Kim Spoken: But here we go. And so the other thing, of course, that happens — and I’m almost saying it’s a good inflation story, but I’m using that with an asterisk — is that growth is coming back, we’re hopefully, with things coming back with the new normal might look like. What does it look like now given what is happening with Russia and Ukraine? I mean, you have all these cross-currents happening right now.
Beata Caranci: Yeah, that’s exactly it. And actually – I hope this doesn’t sound insensitive – but in terms of timing, it’s not the worst time for Canada and the United States. The worst time would have been at the peak of the COVID economic shutdowns happening, jobs upheaval. We are on the other side, where the demand for employment is very strong in both countries. Wage growth is strong. And so there is a capacity to absorb it.
So that’s an important thing I think about when we’re in the headlines — setting aside the war images, which are horrific — but when you think about market extensions, it’s very distressing how point oil prices have moved, wheat prices have moved. Like basically the broad commodity index. At the same time, financially, households are in a good position to absorb it now that there are, say, six months to 12 months.
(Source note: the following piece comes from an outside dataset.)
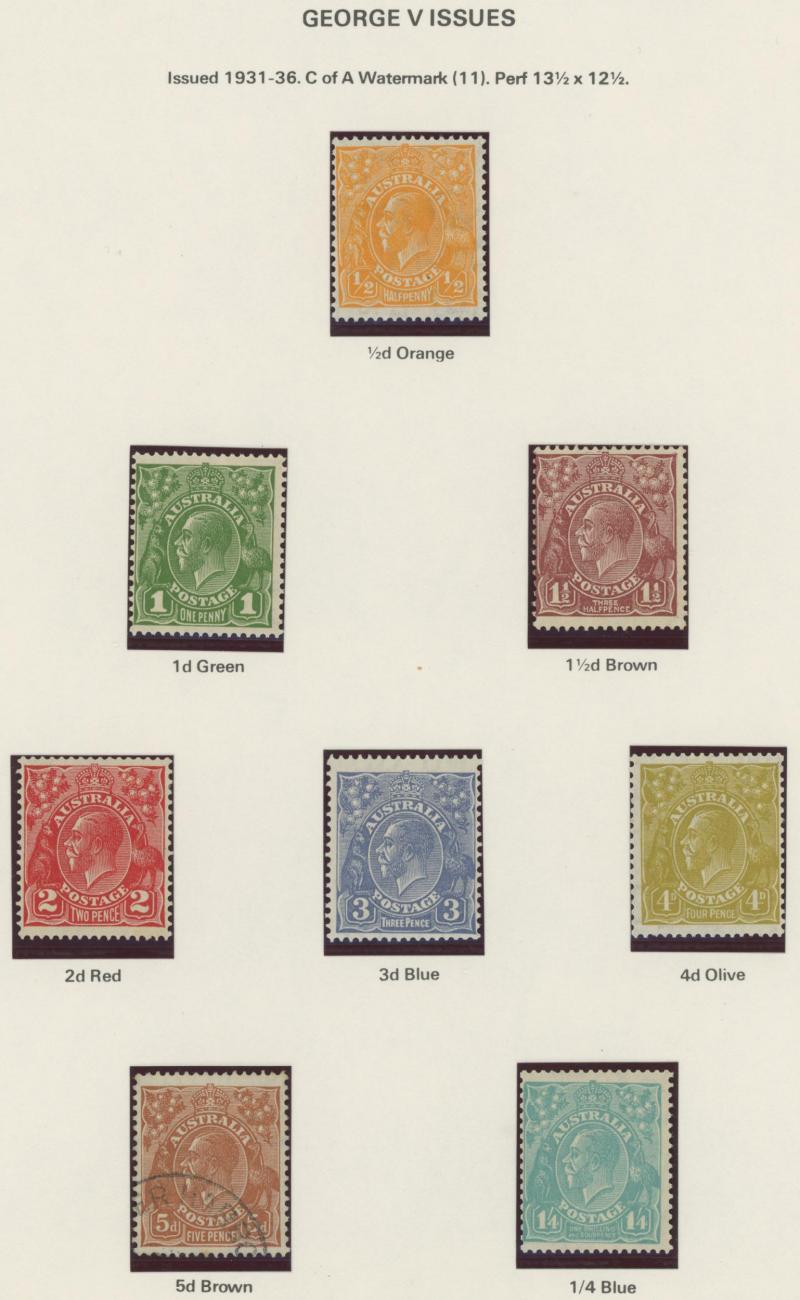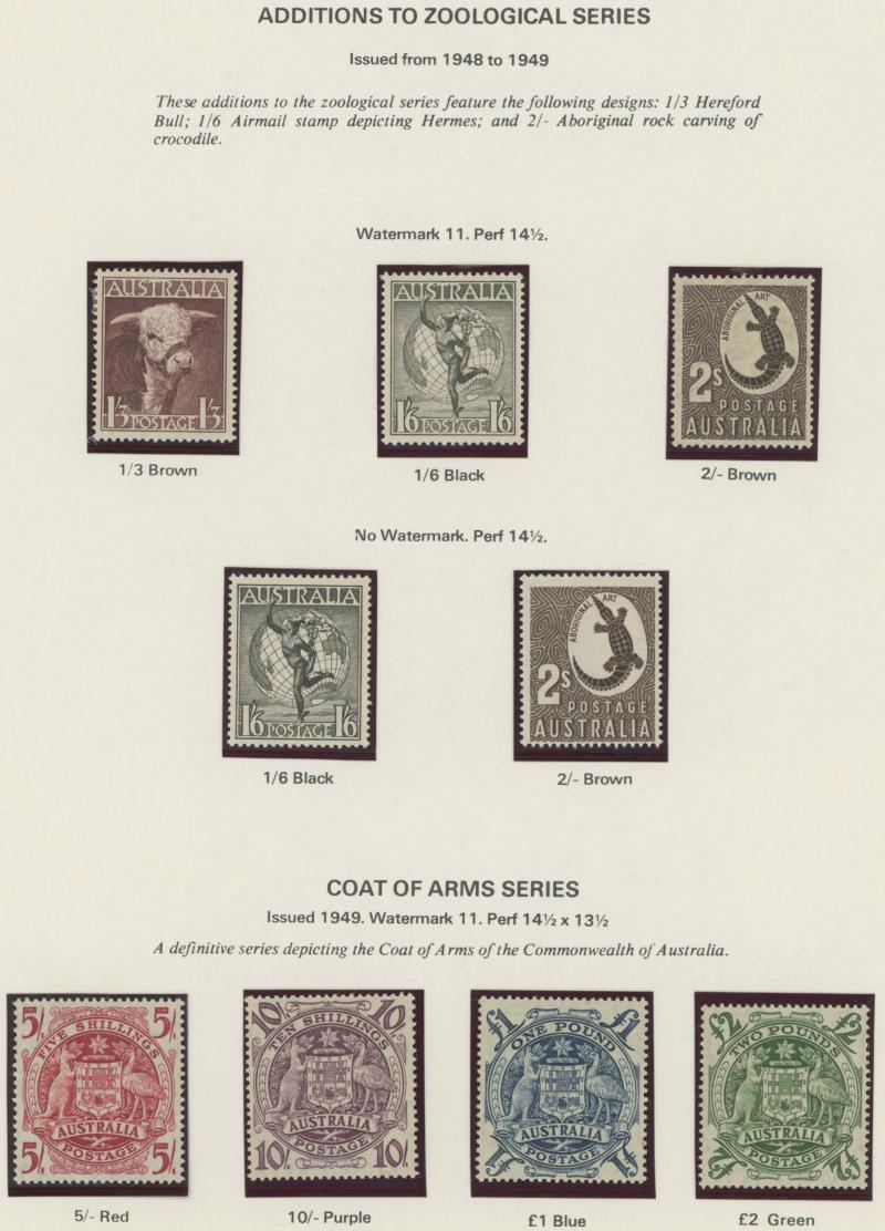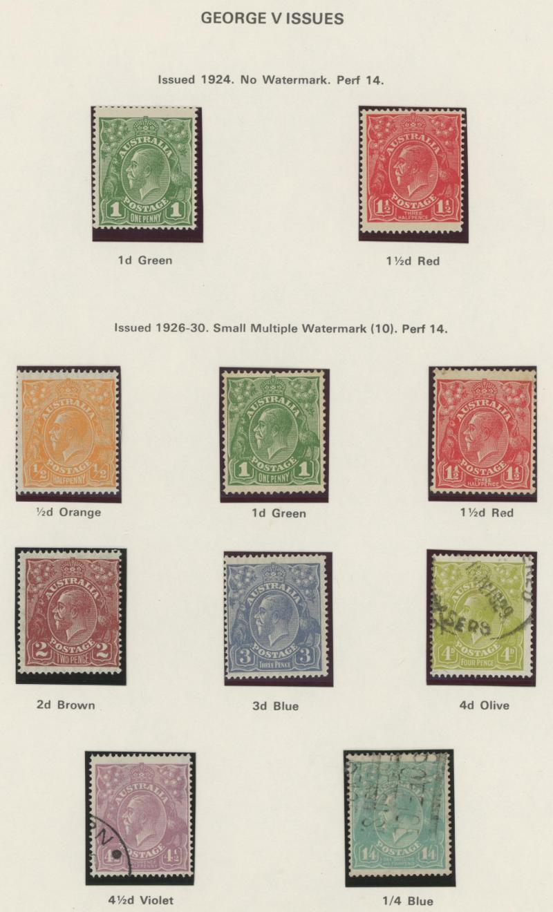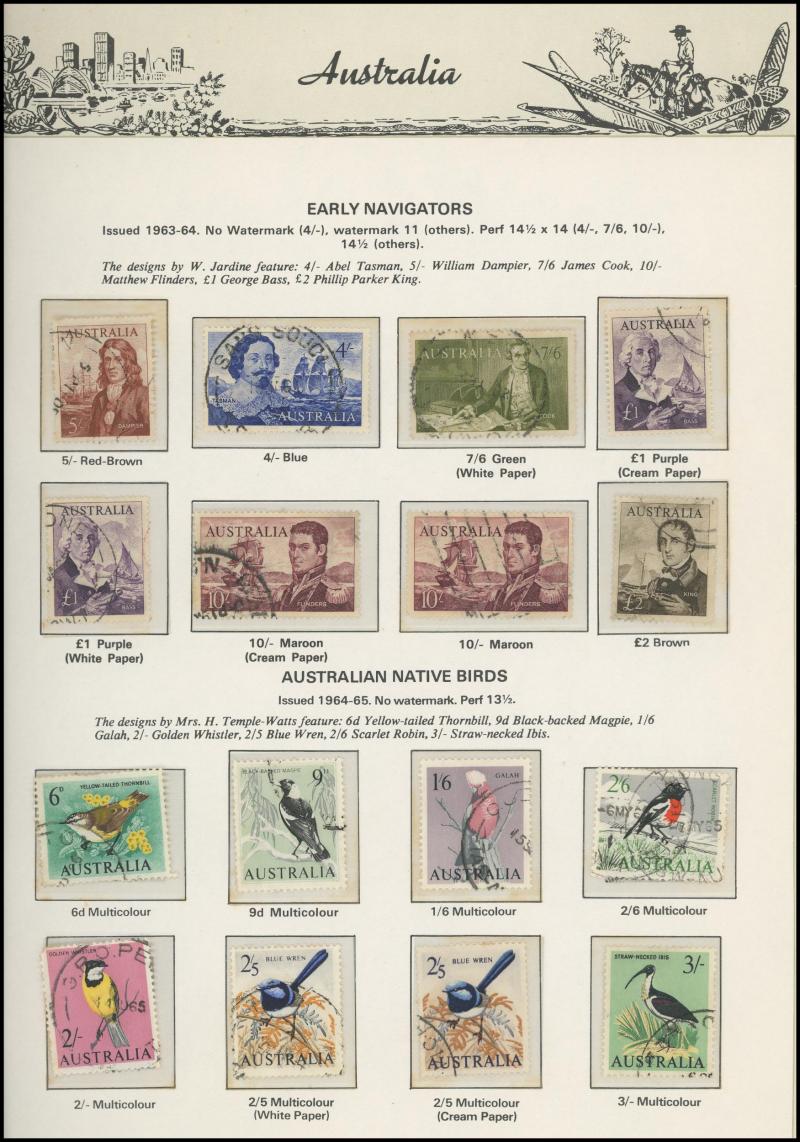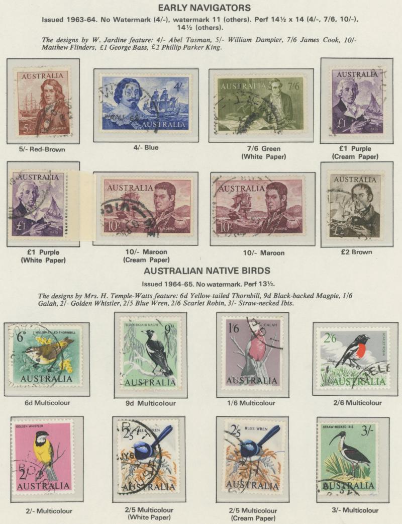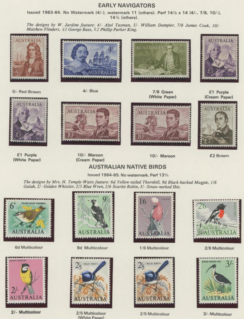 Collection predominantly used on Seven Seas pages from Kangaroos range including Third Wmk to 5/- and CofA Wmk £1 & £2 (both with

So there’s more economic buffer in North America to absorb it.
And that’s one of the reasons why when you start seeing economic forecasts coming out, it’s unlikely that the United States and Canada are in a recession. They will likely have markdowns at the growth rate. But the starting point was high. The US and Canada were expected to grow around 3.7% this year, so even if you’re shrinking 50, 60, or 70 basis points, you’re still looking at a handful of 3%. Slowing down through the year, but having that cushion, because of that reopening, that pent-up demand that’s allowed to pass.